Forecasting Drought Using Multilayer Perceptron Artificial Neural Network Model
This work addresses drought prediction for water resource management in Pakistan, but it is incremental as it applies an existing MLPNN method to new data.
The authors tackled drought forecasting by applying a multilayer perceptron neural network (MLPNN) to predict the Standardized Precipitation Evapotranspiration Index (SPEI) for 17 stations in Pakistan, finding that MLPNN shows potential based on performance metrics like MAE, R, and RMSE.
These days human beings are facing many environmental challenges due to frequently occurring drought hazards. It may have an effect on the countrys environment, the community, and industries. Several adverse impacts of drought hazard are continued in Pakistan, including other hazards. However, early measurement and detection of drought can provide guidance to water resources management for employing drought mitigation policies.
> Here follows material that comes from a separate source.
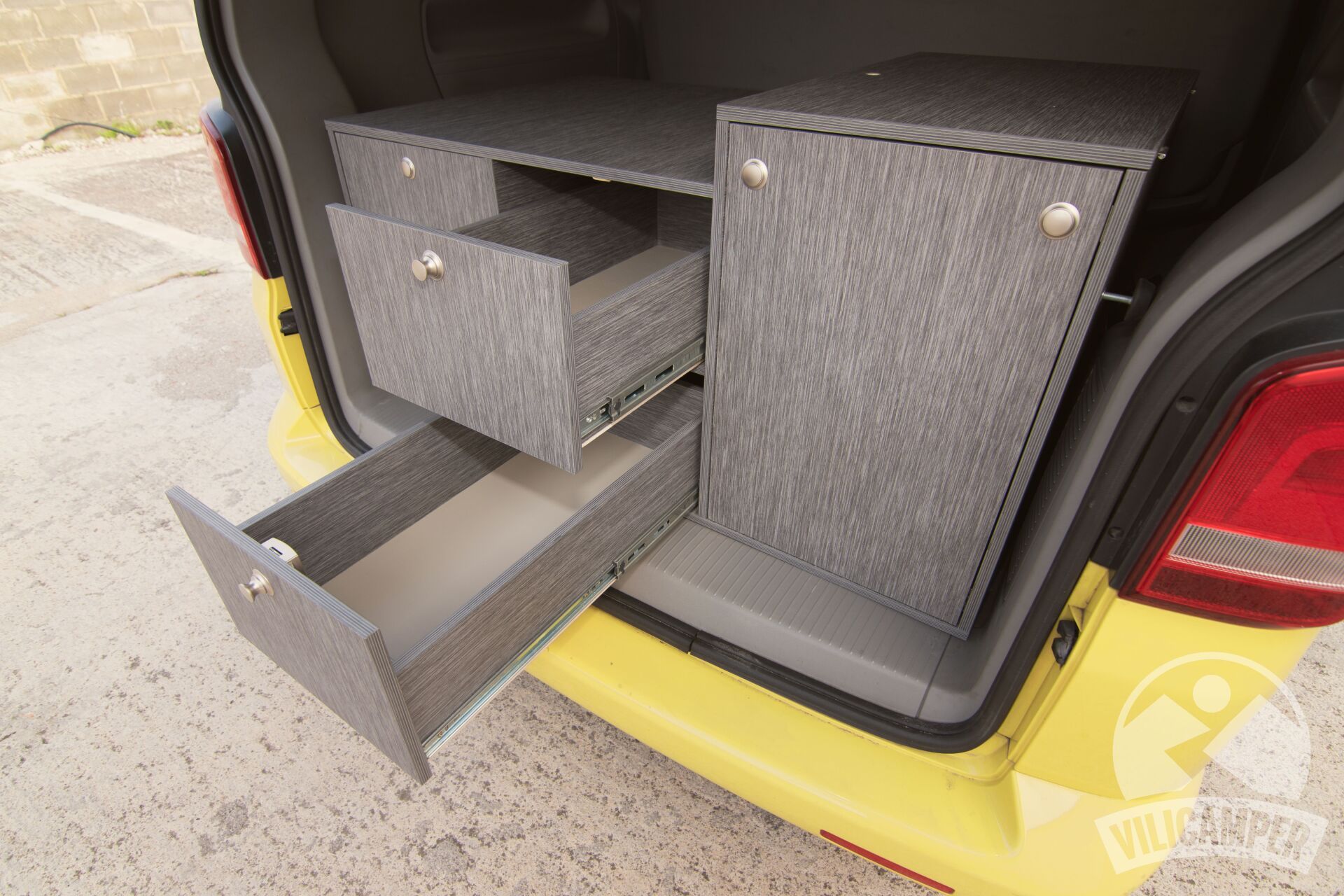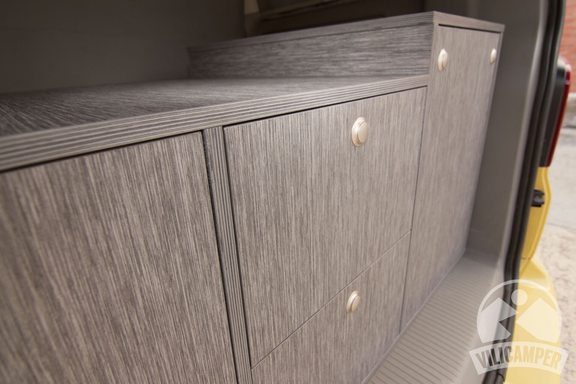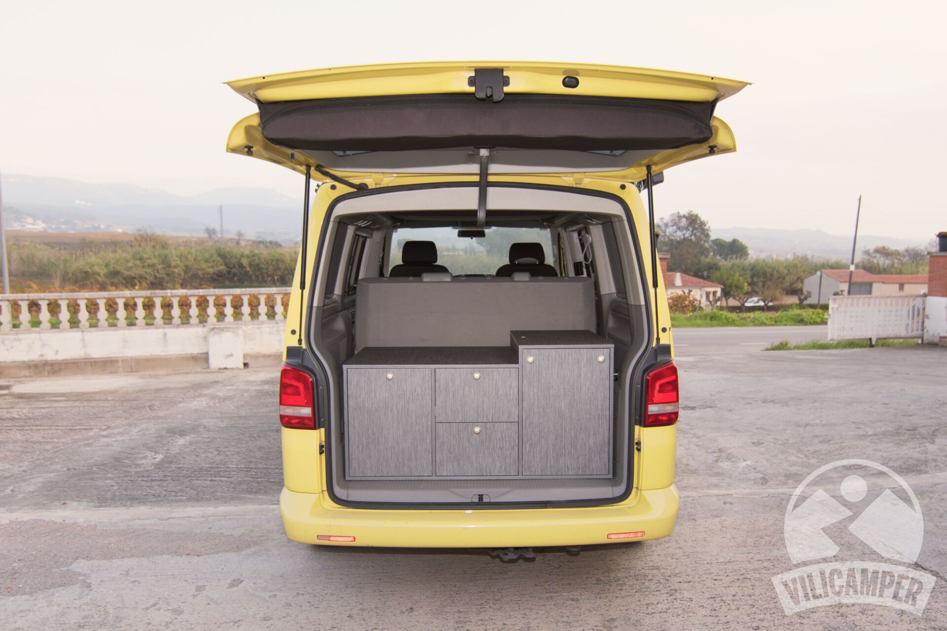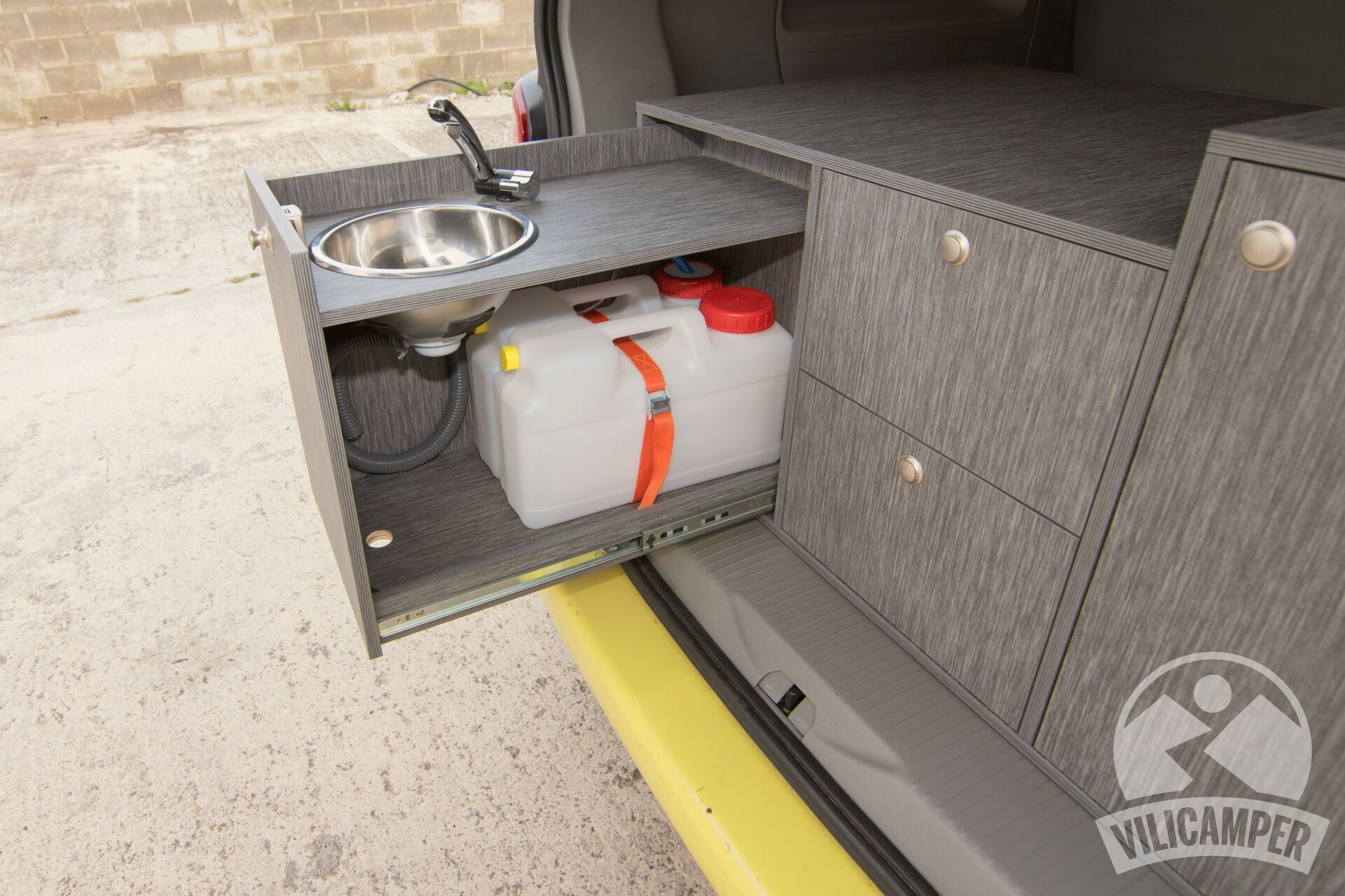En aquesta ocasió hem fabricat un kit camper per a una Volkswagen California Beach totalment a les mesures requerides pel client per aprofitar la nevera que ja tenien, alhora hem afegit una pràctica aigüera amb mini dipòsits d'aigua i calaixos d'emmagatzematge.

In this paper, we used a multilayer perceptron neural network (MLPNN) algorithm for drought forecasting. We applied and tested MLPNN algorithm on monthly time series data of Standardized Precipitation Evapotranspiration Index (SPEI) for seventeen climatological stations located in Northern Area and KPK (Pakistan). We found that MLPNN has potential capability for SPEI drought forecasting based on performance measures (i.e., Mean Average Error (MAE), the coefficient of correlation R, and Root Mean Square Error (RMSE). Water resources and management planner can take necessary action in advance (e.g., in water scarcity areas) by using MLPNN model as part of their decision making.